• What is required: Nothing but the lines from the one containing "9月7日晚,院领导班子全体成" through the one containing "Fototapeta premium Modern", both included, should be given again, each exactly as written below.
(Material to process)
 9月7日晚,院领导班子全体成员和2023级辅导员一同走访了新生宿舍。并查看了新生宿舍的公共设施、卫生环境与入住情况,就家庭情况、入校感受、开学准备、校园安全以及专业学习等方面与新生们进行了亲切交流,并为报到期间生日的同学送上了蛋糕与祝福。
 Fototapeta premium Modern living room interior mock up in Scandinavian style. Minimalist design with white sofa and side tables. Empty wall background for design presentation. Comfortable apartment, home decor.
(End Material to process)
(Material to process)
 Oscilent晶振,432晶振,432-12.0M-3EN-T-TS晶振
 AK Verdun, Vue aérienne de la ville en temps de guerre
(End Material to process)
(Material to process)
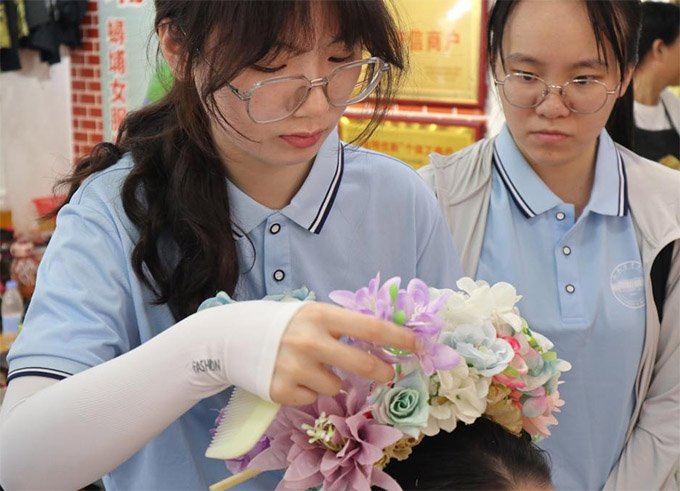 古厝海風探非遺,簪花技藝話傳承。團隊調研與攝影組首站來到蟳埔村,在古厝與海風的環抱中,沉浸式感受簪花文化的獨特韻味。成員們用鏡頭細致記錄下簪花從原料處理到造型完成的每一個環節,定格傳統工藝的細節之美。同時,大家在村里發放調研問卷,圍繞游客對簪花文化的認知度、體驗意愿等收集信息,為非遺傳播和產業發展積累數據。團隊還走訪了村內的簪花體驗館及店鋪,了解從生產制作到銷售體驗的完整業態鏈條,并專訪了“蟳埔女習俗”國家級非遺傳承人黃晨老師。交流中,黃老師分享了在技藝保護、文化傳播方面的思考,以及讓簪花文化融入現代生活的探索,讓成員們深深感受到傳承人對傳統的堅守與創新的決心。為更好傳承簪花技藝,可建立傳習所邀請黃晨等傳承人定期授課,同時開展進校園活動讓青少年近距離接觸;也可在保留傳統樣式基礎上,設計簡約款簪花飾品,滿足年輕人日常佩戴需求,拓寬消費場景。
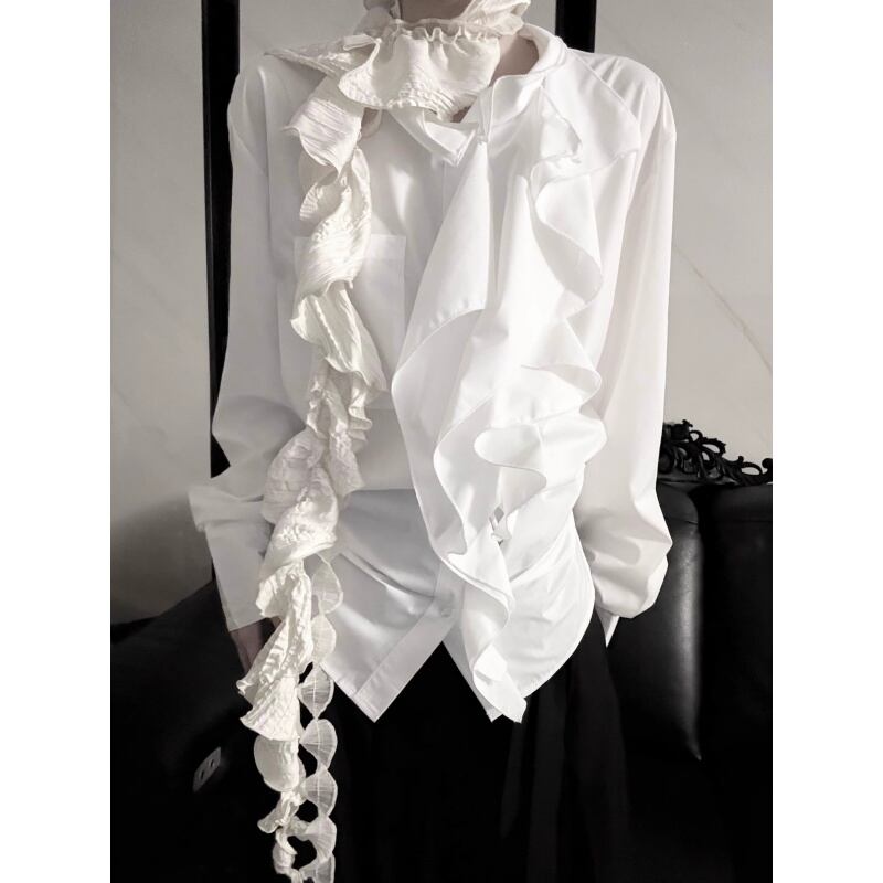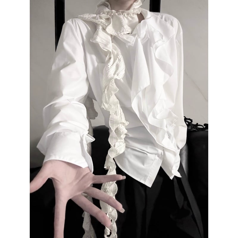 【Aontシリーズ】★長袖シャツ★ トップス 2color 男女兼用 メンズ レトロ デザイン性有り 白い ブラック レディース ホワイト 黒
(End Material to process)
• Written answer:
 9月7日晚,院领导班子全体成员和2023级辅导员一同走访了新生宿舍。并查看了新生宿舍的公共设施、卫生环境与入住情况,就家庭情况、入校感受、开学准备、校园安全以及专业学习等方面与新生们进行了亲切交流,并为报到期间生日的同学送上了蛋糕与祝福。
 Fototapeta premium Modern living room interior mock up in Scandinavian style. Minimalist design with white sofa and side tables. Empty wall background for design presentation. Comfortable apartment, home decor.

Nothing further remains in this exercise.